I have a simple hadoop job that crawls websites and caches them to the HDFS. The mapper checks if a URL already exists in the HDFS and if so, uses it otherwise downloads the page and saves it to the HDFS.

If an network error (404, etc) is encountered while downloading the page, then the URL is skipped entirely - not written to the HDFS. Whenever I run a small list ~1000 websites, I always seem to encounter this error which crashes the job repeatedly in my pseudo distributed installation. What could be the problem?

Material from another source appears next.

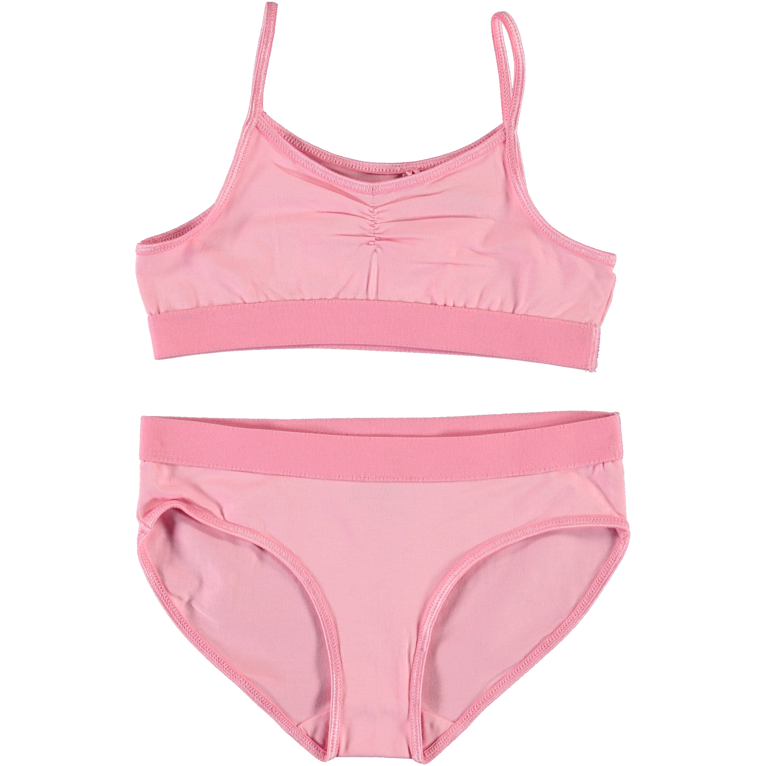 Jinny ist ein Unterwäsche-Set in Rosa. Sowohl das Oberteil als auch die Unterhose haben eine breite schwarze elastische Kante, die für eine gute Passform sorgt.

I'm running Hadoop 0.20.2-cdh3u3.

org.apache.hadoop.ipc.RemoteException: java.io.IOException: File /user/raj/cache/9b4edc6adab6f81d5bbb84fdabb82ac0 could only be replicated to 0 nodes, instead of 1
    at org.apache.hadoop.hdfs.server.namenode.FSNamesystem.getAdditionalBlock(FSNamesystem.java:1520)
    at org.apache.hadoop.hdfs.server.namenode.NameNode.addBlock(NameNode.java:665)
    at sun.reflect.GeneratedMethodAccessor7.invoke(Unknown Source)
    at sun.reflect.DelegatingMethodAccessorImpl.invoke(DelegatingMethodAccessorImpl.java:43)
    at java.lang.reflect.Method.invoke(Method.java:616)
    at org.apache.hadoop.ipc.RPC$Server.call(RPC.java:557)
    at org.apache.hadoop.ipc.Server$Handler$1.run(Server.java:1434)
    at org.apache.hadoop.ipc.Server$Handler$1.run(Server.java:1430)
    at java.security.AccessController.doPrivileged(Native Method)
    at javax.security.auth.Subject.doAs(Subject.java:416)
    at org.apache.hadoop.security.UserGroupInformation.doAs(UserGroupInformation.java:1157)
    at org.apache.hadoop.ipc.Server$Handler.run(Server.java:1428)
Importation answered 3/4, 2012 at 4:16 Comment(1)
Why dont you simply set "dfs.replication" to 0 in hdfs-site.xml. As you are using pseudo mode, replication of data is of no concern to you.Coleridge
I
2

The problem was an unclosed FileSystem InputStream instance in the mapper that was used for caching input to file system.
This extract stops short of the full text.